Kidney function. You will be given a large plastic bottle and over a 24 hour period every time to pee you have to pour the results into the bottle. The bottle is then taken away and tested.
Lung function, you will be given a series of tests that basically involve blowing into different tubes. These tests measure your lung capacity and how efficiently your lungs exchange oxygen for carbon dioxide and other gases. (Tip: take a bottle of water with you, I found I developed a very dry mouth.)
Psych assessment. Before you even get there your PH or cardiac teams will be asked how you cope with medication, illness etc. When you are in hospital for assessment several 'nurses' will come and talk to you about your family, background, how you feel about your illness, how you feel about transplant etc. You will not realise it at the time but they are checking you out to make sure you are going to be able to cope with what's to come.

Remember these are based on my experiences. Some hospitals will do things differently and sometimes tests are done slightly differently if the people doing them are looking for specific things.

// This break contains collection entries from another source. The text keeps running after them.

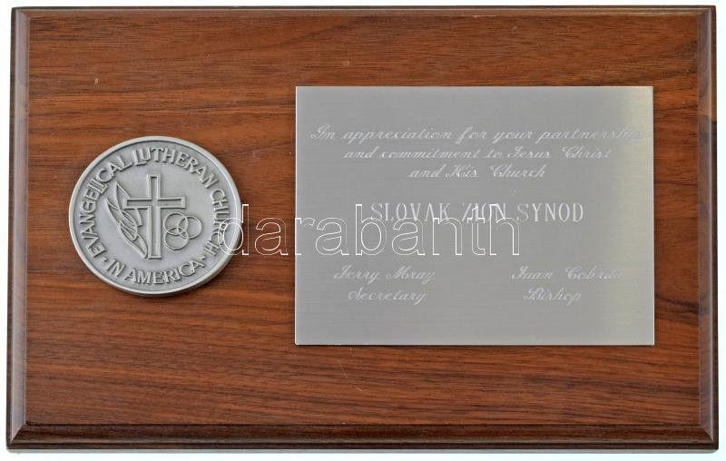 Description: Amerikai Egyesült Államok ~1980. "Evangélikus Luteránus Egyház Amerikában" ezüstözött fém emlékérem (62mm) fatáblán (177x255mm), elismerő fém táblával (127x101mm) T:AU USA 1988. "Evangelical Lutheran Church in America" silver plated metal commemorative medallion (62mm) on wooden table (177x255mm), with appreciative metal table (127x101mm) C:AU
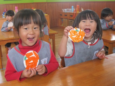 先日は、その中のみかんの製作をしました(*^_^*)
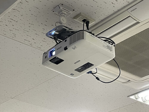 ちなみに、後ろの学生が見易い様、先生のMacは画面を拡大出来る様に設定しています。
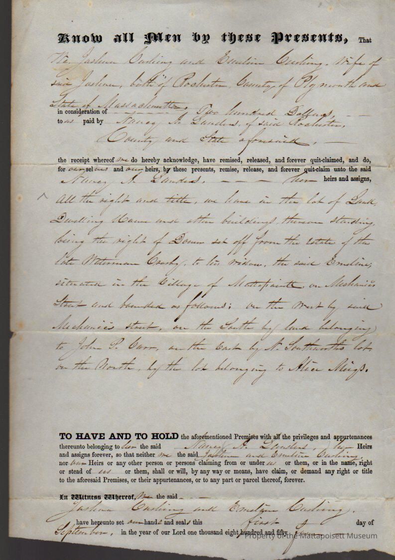 Joshua & Emeline Cushing to Nancy A. Sanders, land and dwelling house on Mechanic Street in Mattapoisett Village for $200.Collection
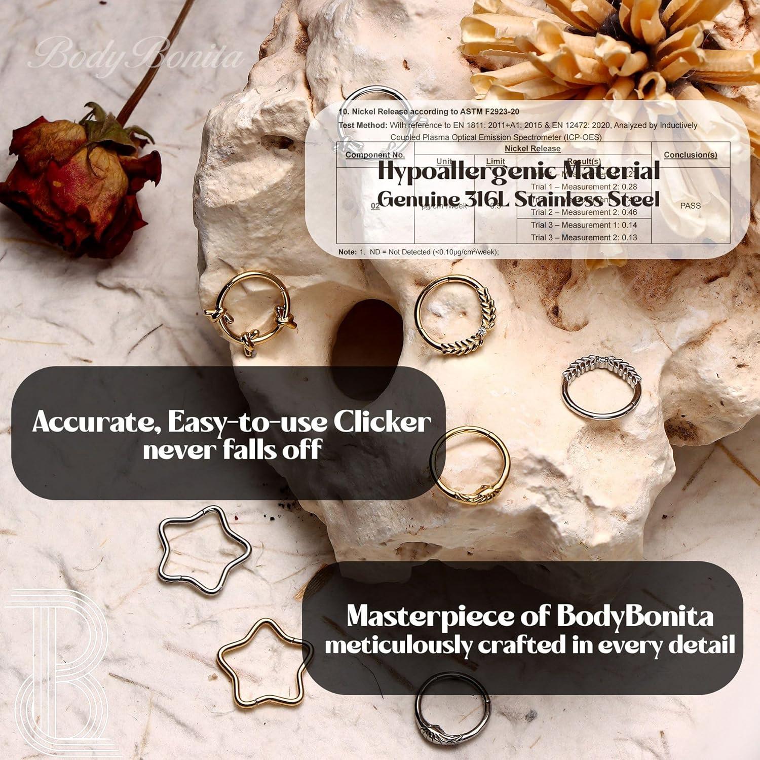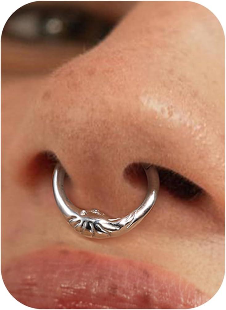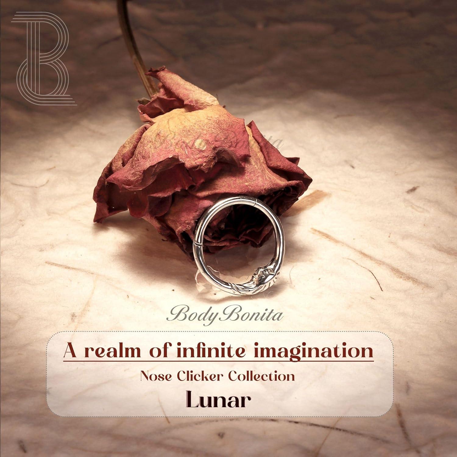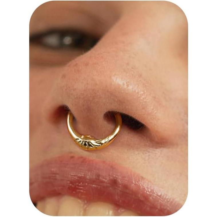 BodyBonita Septum Rings 16G – 316L Stainless Steel Nose Rings Hoops for Women Septum Piercing Jewelry 8mm 10mm(Lunar-Gold/Silver)
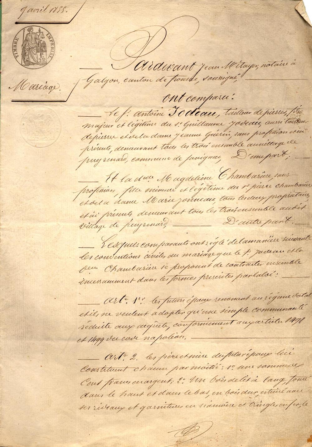 Ces contrats de mariage concernent des habitants de Savignac, cultivateurs et artisans

Q: How did you feel being told you needed a transplant?
A I suppose anxiety and relief in equal measures. This is a really difficult question for me to answer because I was told at diagnoses I would one day need a transplant. Basically I knew it was coming and had at least four years to think about the possibility before actually being put forward.

Q: What is it like being on the list?
A: Hard, very hard. You think it is going to be a doddle. All you have to do is wait but when you are waiting for a new lease of life it becomes very difficult as the weeks and months pass. Some are very lucky and get a call almost immediately and then some wait for years gradually sipping towards being too ill to stay on the list. My advice would be do not go for it unless you are absolutely sure you can do the long haul. Try and keep yourself distracted and DON'T put off doing things until after the transplant. Remember there is always the chance you will not get one and you will regret not doing things while you had the chance.

Well I hope that answers a few things for you. Please remember I can't cover everything so if I've left something out then please ask. If I've got something slightly wrong, and I know there are a few medical types out there, then I'm sorry. I am not medically trained and can only answer from my own person experiences.

Right time for a cuppa. Next blog tomorrow.